公開日時: 2024年7月10日(水) 09:46
更新日時: 2024年7月13日(土) 10:33
文字数:3,017


「これも見てよっ!!」


 ハーミアンは、右足を上げると、特別製ブーツ幾つか開けられた、縦に細長い穴から鉤爪を出す。
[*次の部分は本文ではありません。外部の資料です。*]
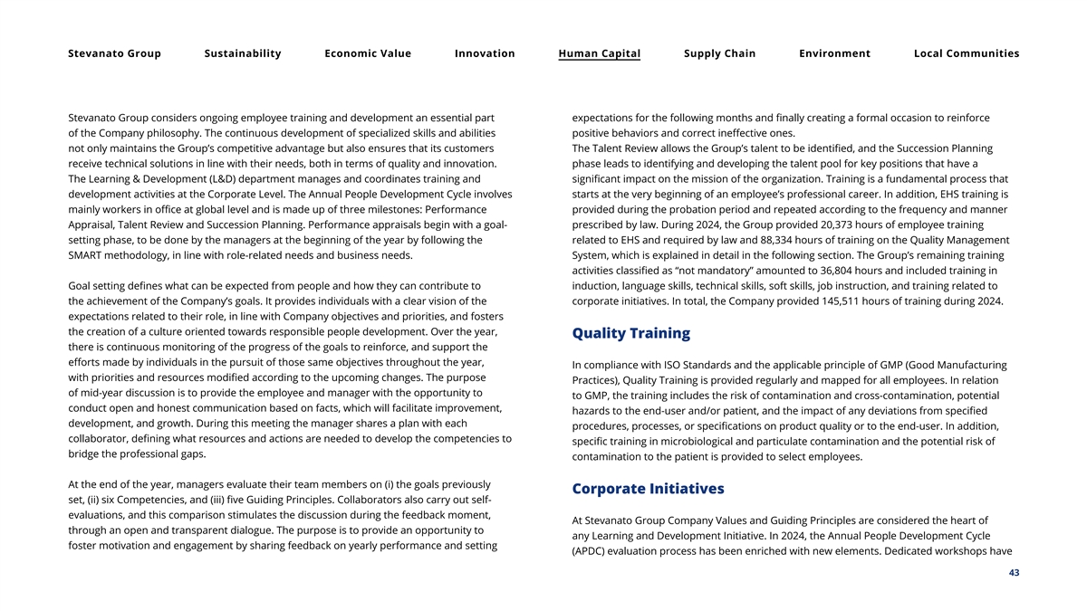 Stevanato Group Sustainability Economic Value Innovation Human Capital Supply Chain Environment Local Communities Stevanato Group considers ongoing employee training and development an essential part expectations for the following months and finally creating a formal occasion to reinforce of the Company philosophy. The continuous development of specialized skills and abilities positive behaviors and correct ineffective ones. not only maintains the Group’s competitive advantage but also ensures that its customers The Talent Review allows the Group’s talent to be identified, and the Succession Planning receive technical solutions in line with their needs, both in terms of quality and innovation. phase leads to identifying and developing the talent pool for key positions that have a The Learning & Development (L&D) department manages and coordinates training and significant impact on the mission of the organization. Training is a fundamental process that development activities at the Corporate Level. The Annual People Development Cycle involves starts at the very beginning of an employee’s professional career. In addition, EHS training is mainly workers in office at global level and is made up of three milestones: Performance provided during the probation period and repeated according to the frequency and manner Appraisal, Talent Review and Succession Planning. Performance appraisals begin with a goal- prescribed by law. During 2024, the Group provided 20,373 hours of employee training setting phase, to be done by the managers at the beginning of the year by following the related to EHS and required by law and 88,334 hours of training on the Quality Management SMART methodology, in line with role-related needs and business needs. System, which is explained in detail in the following section. The Group’s remaining training activities classified as “not mandatory” amounted to 36,804 hours and included training in Goal setting defines what can be expected from people and how they can contribute to induction, language skills, technical skills, soft skills, job instruction, and training related to the achievement of the Company’s goals. It provides individuals with a clear vision of the corporate initiatives. In total, the Company provided 145,511 hours of training during 2024. expectations related to their role, in line with Company objectives and priorities, and fosters the creation of a culture oriented towards responsible people development. Over the year, Quality Training there is continuous monitoring of the progress of the goals to reinforce, and support the efforts made by individuals in the pursuit of those same objectives throughout the year, In compliance with ISO Standards and the applicable principle of GMP (Good Manufacturing with priorities and resources modified according to the upcoming changes. The purpose Practices), Quality Training is provided regularly and mapped for all employees. In relation of mid-year discussion is to provide the employee and manager with the opportunity to to GMP, the training includes the risk of contamination and cross-contamination, potential conduct open and honest communication based on facts, which will facilitate improvement, hazards to the end-user and/or patient, and the impact of any deviations from specified development, and growth. During this meeting the manager shares a plan with each procedures, processes, or specifications on product quality or to the end-user. In addition, collaborator, defining what resources and actions are needed to develop the competencies to specific training in microbiological and particulate contamination and the potential risk of bridge the professional gaps. contamination to the patient is provided to select employees. At the end of the year, managers evaluate their team members on (i) the goals previously Corporate Initiatives set, (ii) six Competencies, and (iii) five Guiding Principles. Collaborators also carry out self- evaluations, and this comparison stimulates the discussion during the feedback moment, At Stevanato Group Company Values and Guiding Principles are considered the heart of through an open and transparent dialogue. The purpose is to provide an opportunity to any Learning and Development Initiative. In 2024, the Annual People Development Cycle foster motivation and engagement by sharing feedback on yearly performance and setting (APDC) evaluation process has been enriched with new elements. Dedicated workshops have 43

「帝国のワーウルフ見たいでしょう? このワーキャット姿は?」


「確かに、ワーウルフって言うか? ワータイガー? …………いや、ワーキャットの姿だね」


「凄いわ、私もそう言うのが欲しいわ~~」


 ハーミアンの爪を出し入れする姿に、目を丸くした、ナタンとメルヴェ達。


 二人は、改造手術を受けて獣人兵士になった、彼女をまじまじと見つめる。



「今回改造を受けたのは、私とウェストと他の数名だけね、他のレジスタンス員は正規の訓練を受けてないからダメ見たいよ」


「そうか、残念だなぁ」


「本当にそうね、これが有れば戦いが楽になるのに」


 帝国の兵士や警察官と、互角に戦えるほど、身体が強化される改造手術だが。


 それを、今回は受けられないと知った、ナタンとメルヴェ達はがっかりするが。



「戦いが有利に進んだら、連合軍は更なる物資の補給に資材を持って来るから、その時は二人も何かしらの改造を受けられるわよ」


「だと良いな、僕もワータイガーとか欲しいな」


「ブリーフィングでも、そう言っていたけど、いよいよ本格的な戦争ね」


 ハーミアンは、羨ましそうに自分の姿を眺める二人を説得する。


 それを聞いても、ナタンは無いものねだりを言って愚痴る。



 一方、メルヴェは例え物資がアフレアから沢山届いたとしてもだ。


 結局、それは戦いが激しさを増し、それだけの物資を消費するだけだと悟る。


 

「ええ…………明日が決戦の日よ、おっと射撃室に行くんだった、二人とも、また後でねっ!」


 大事な用事を思いだしたらしい、ハーミアンは姿勢を低くする。


 それから、彼女は射撃室に向かって、ピューマのように素早く走って言ってしまった。



「あっ! 凄い速さだっ!」


「行ってしまったわね?」


 駆け出した、ハーミアンの余りの速さに驚く、ナタンとメルヴェ達であったが。


 二人は、直ぐに落ち着きを取り戻すと、帰り道を歩きだし、何も喋らずに部屋へと入った。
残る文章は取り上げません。